I have a really short amount of time to talk here. So, I am going to focus on the how and why for this solution pack and kinda put it in context of the Web Archiving Life Cycle Model proposed by the Internet Archive earlier this year. Maybe I shouldn’t have proposed a 7 minute talk!
Context! Almost a year ago, I was in a meeting and was presented with this problem. YFile, a daily university newspaper – it was previously a paper now a website – had been taken over by marketing a while back, and they deleted all their back content. They are an official university publication, so an official university record, and eventual end up in archives, so it will eventually be our problem; the library’s problems. Plainly put, we live in a reality where official records are born and disseminated via the Internet. Many institutions have a strategy in place for transferring official university records that are print or tactile to university archives, but not much exists strategy-wise for websites. So, I naively decided to tackle it.

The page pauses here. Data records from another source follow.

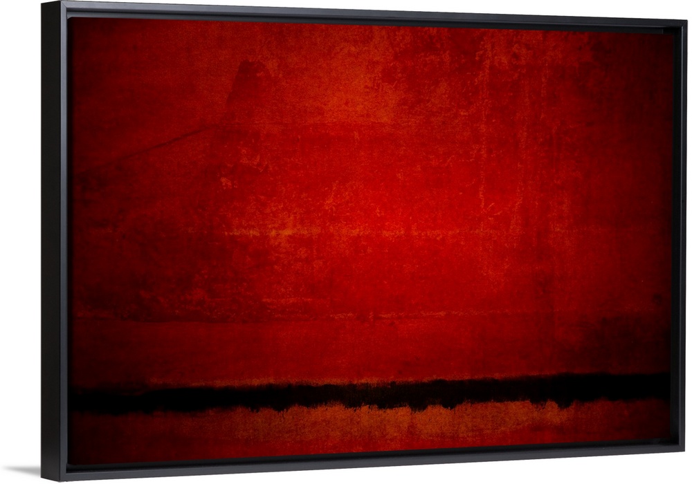 <p>Abstract artwork of a red tones and a black horizon line with a distressed texture throughout.</p>
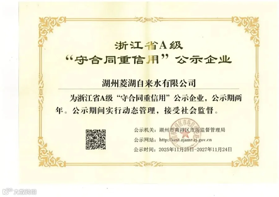 近日,2025年浙江省A级“守合同重信用”企业名单揭晓,水务集团下属菱湖公司凭借规范经营、扎实诚信建设与严谨履约能力成功上榜。这份认证,是菱湖公司坚决贯彻水务集团战略部署、紧跟集团发展步伐,以诚信经营践行国企使命的生动写照。
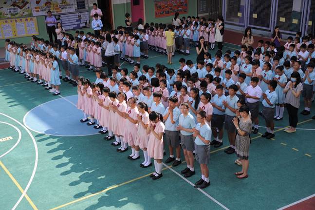 一.)中小聯合早會(開學、聖誕及散學禮等),於中小學部的多用途操場舉行;邀請校監區嘉為執事致詞及田義神父
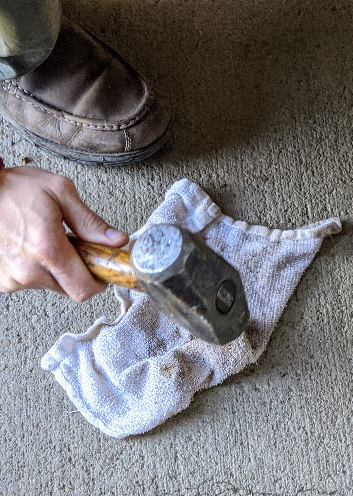 - To open black walnuts, place them on the ground pointed end up, and hit them with a hammer until they crack.

I tend to just do things. I don’t ask permission. I apologize later if i have to. Like maybe taking down the YFile server during the first few initial crawls. If I make mistakes, that is good, I am learning something! What i am doing isn’t new, but then again it knda is. It is a really weird place. I need to crawl a website everyday. The internet archive crawler comes around whenever it does. There is no way to give the Internet Archive/Wayback machine a whole bunch of warc files, and I’m not ready to pay for Archive-It.
That won’t work for me at all when I have some idea how to do it all myself. So, what is the problem? I need to capture and preserve a website everyday. I want to provide the best material to a researcher. I want to keep a fine eye on preservation, but not be a digital pack rat, and need to constantly keep the librarian and archivist in me pleased, which is always seems to the Item vs. collection debate and which of those gets the most attention.
How easy is it to grab a website? Pretty damn easy if you’re using at least wget 1.14 which has warc support.
How many people here know what a warc is? Warc stands for web archive. It is an iso standard. It is basically a file – that can get massive very quickly – that aggregates raw resources you request into a single file along with crawl metadata, checksums. PROVENANCE!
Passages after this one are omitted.